A greater stir was caused by Entertainment Weekly’s April 16 announcement that Sam Raimi had expressed interest in directing The Hobbit—a possibility that had been circulating widely as a rumor since shortly after Shaye’s January pronouncement. As I suggested in my previous entry, however, most directors would shrink from upsetting Jackson and his fans by simply taking the job. Raimi made it clear what circumstances would be necessary: “First and foremost, those are Peter Jackson and Bob Shaye’s films. If Peter didn’t want to do it and Bob wanted me to do it—and they were both okay with me picking up the reins—that would be great. I love the book.” (Raimi presumably refers to films in the plural because MGM had suggested in September that it was considering a two-part adaptation.)

Raimi risked riling not only Rings fans but Spider-Man afficionados, who were upset at the idea that he might bow out of a presumed fourth entry in his own franchise. In the nearly two months since Raimi’s statement, there has been no public indication that he is being seriously courted to accept the job directing The Hobbit.

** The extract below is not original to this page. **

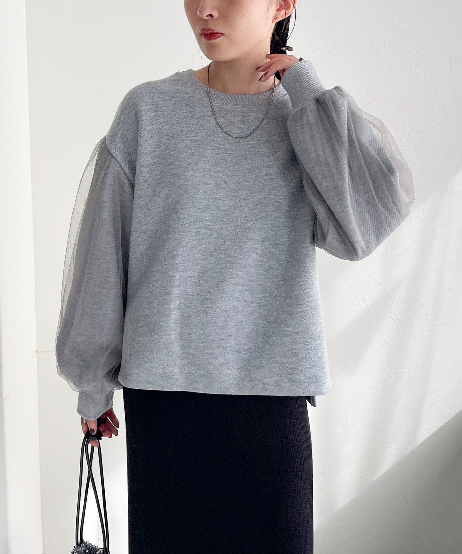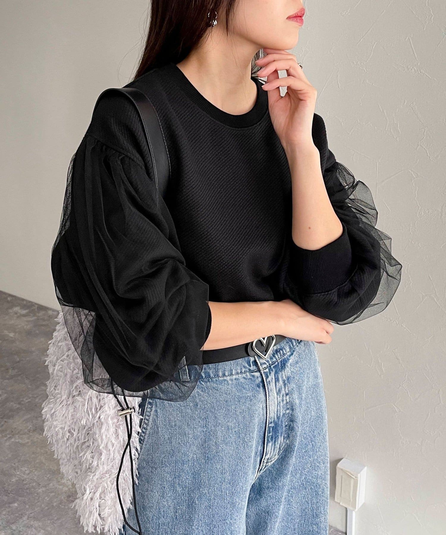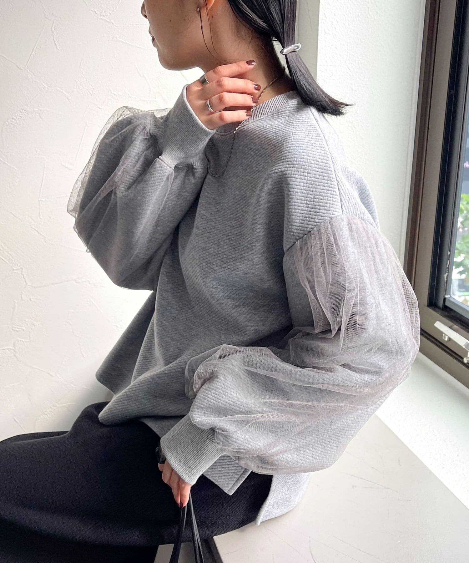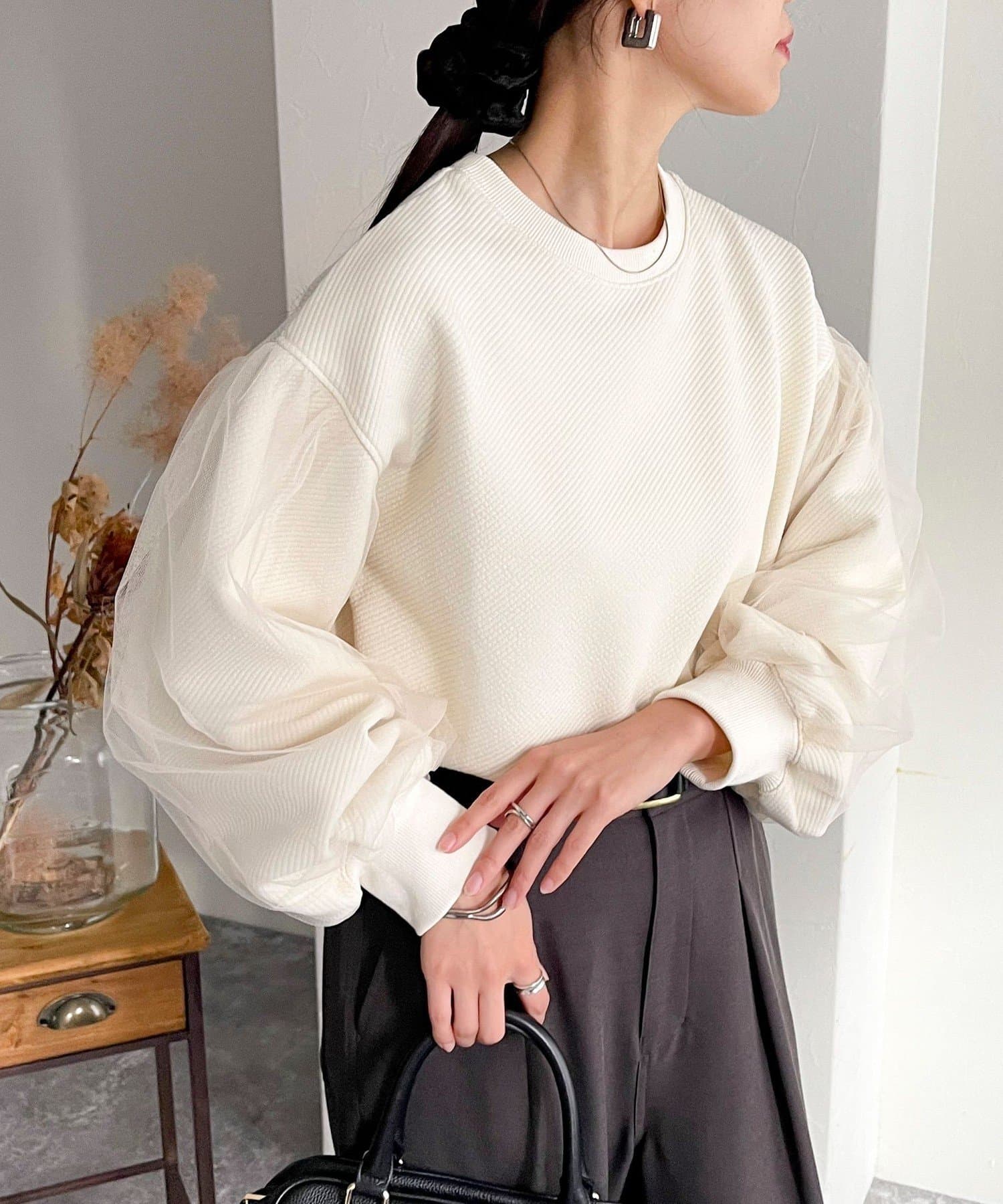 ・袖にチュールを重ねた1枚で着映えするカットソーです

Jackson, however, has been busy. The projects on his plate have changed considerably since early October. Only a few weeks after my summary, Universal and Twentieth Century Fox, which had been on board to finance the video-game-to-film adaptation of Halo for co-production by Jackson and Microsoft, bowed out. The project is now on hold, with the assumption that the release of the Halo 3 game, announced for September 27, will regenerate studios’ interest.

The remake of The Dam Busters is moving forward, but it is being directed by Christian Rivers rather than Jackson, who serves as producer. The acquisition of Naomi Novik’s “Temeraire” series by Jackson and partner Fran Walsh, announced September 12, apparently has not resulted in a specific project. The pair presumably have the option of making it into a film at some future date or letting their option lapse.

The project that has made great progress is Jackson and Walsh’s adaptation of Alice Sebold’s bestseller The Lovely Bones. Their script was up for bids this spring, and on May 4, Variety announced its sale to Dreamworks. Reportedly the film will be delivered by the fourth quarter of 2008. It might be possible to commence pre-production work on a Hobbit film while The Lovely Bones is in progress.

Less than two weeks later, Variety revealed that Steven Spielberg is teaming with Jackson to produce three feature films based on the classic Belgian comic books starring Tintin. Each plans to direct one of the features, with a third director undertaking the other.

In October I suggested that most of Jackson’s projects were flexible in their timing, and that left the possibility that he could shift them around to fit in The Hobbit. Given that no timing has been announced for the Tintin films, Jackson’s only apparent project with a deadline is The Lovely Bones.

Finally, at the Cannes Film Festival, Shaye and co-president of New Line Michael Lynne spoke to Variety’s editor-in-chief, Peter Bart, about the Hobbit project. Their remarks might give Rings fans cause for hope.

Shaye maintained his stance, declaring that New Line had paid Jackson and Walsh $250 million in profit participation. “The clash happened because ‘one of us has gotten poor counsel,’ Shaye said, without elaborating.”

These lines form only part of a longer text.